**Problem description:** Begin with the first line below and retype each line exactly through the line containing "마침 같은 날에 해바라기와". Any pictures are to be left out.

**Material provided:**
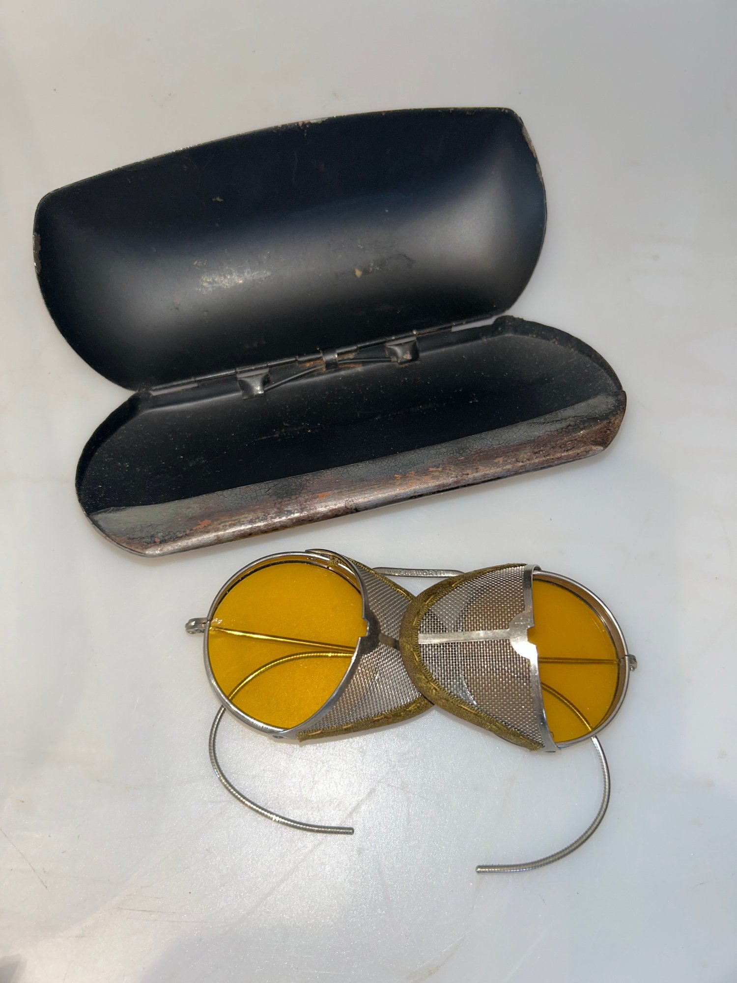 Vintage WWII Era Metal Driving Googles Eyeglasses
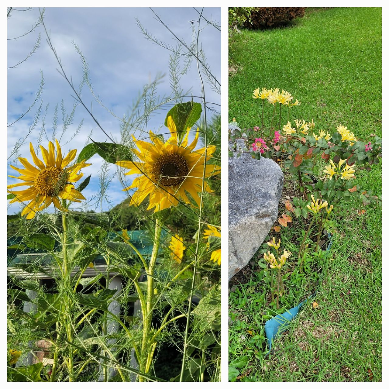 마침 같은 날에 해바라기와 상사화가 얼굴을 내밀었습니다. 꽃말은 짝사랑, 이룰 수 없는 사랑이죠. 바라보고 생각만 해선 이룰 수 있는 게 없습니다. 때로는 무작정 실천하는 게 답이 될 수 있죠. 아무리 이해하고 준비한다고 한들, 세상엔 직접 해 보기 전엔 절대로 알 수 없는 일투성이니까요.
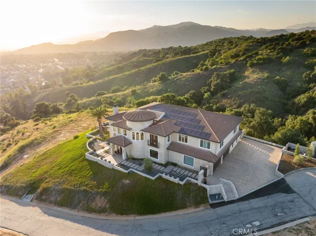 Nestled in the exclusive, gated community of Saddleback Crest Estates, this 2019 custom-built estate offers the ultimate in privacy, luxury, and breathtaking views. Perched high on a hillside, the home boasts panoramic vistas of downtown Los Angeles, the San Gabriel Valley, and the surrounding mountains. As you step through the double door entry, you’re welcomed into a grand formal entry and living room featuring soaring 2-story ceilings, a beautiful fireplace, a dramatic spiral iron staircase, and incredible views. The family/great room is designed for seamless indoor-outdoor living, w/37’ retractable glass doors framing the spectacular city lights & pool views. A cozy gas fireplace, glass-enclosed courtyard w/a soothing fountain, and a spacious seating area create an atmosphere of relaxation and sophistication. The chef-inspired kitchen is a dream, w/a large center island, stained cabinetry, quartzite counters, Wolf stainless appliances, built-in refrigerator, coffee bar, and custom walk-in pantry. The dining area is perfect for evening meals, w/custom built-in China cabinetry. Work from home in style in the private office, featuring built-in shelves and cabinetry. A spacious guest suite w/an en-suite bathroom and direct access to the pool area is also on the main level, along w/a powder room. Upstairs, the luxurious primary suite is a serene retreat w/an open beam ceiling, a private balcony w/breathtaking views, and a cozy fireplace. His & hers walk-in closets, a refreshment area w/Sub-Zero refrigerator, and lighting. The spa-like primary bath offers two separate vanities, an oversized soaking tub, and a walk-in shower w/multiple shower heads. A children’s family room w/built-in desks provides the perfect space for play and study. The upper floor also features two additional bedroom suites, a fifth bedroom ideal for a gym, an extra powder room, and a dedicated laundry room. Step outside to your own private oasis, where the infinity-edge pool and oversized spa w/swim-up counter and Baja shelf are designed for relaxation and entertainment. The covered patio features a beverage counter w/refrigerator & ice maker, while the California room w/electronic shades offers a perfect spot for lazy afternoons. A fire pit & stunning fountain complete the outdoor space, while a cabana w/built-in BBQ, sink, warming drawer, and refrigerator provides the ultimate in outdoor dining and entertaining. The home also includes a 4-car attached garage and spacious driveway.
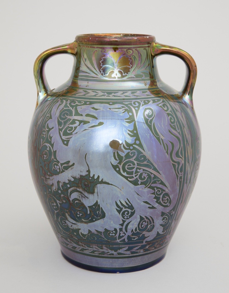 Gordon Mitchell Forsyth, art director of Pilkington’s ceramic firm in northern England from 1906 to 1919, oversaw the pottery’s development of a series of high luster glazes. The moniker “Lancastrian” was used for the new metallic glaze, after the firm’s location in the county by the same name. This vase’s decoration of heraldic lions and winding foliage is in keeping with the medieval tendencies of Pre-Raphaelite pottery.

**Solved problem:**
 Vintage WWII Era Metal Driving Googles Eyeglasses
 마침 같은 날에 해바라기와 상사화가 얼굴을 내밀었습니다. 꽃말은 짝사랑, 이룰 수 없는 사랑이죠. 바라보고 생각만 해선 이룰 수 있는 게 없습니다. 때로는 무작정 실천하는 게 답이 될 수 있죠. 아무리 이해하고 준비한다고 한들, 세상엔 직접 해 보기 전엔 절대로 알 수 없는 일투성이니까요.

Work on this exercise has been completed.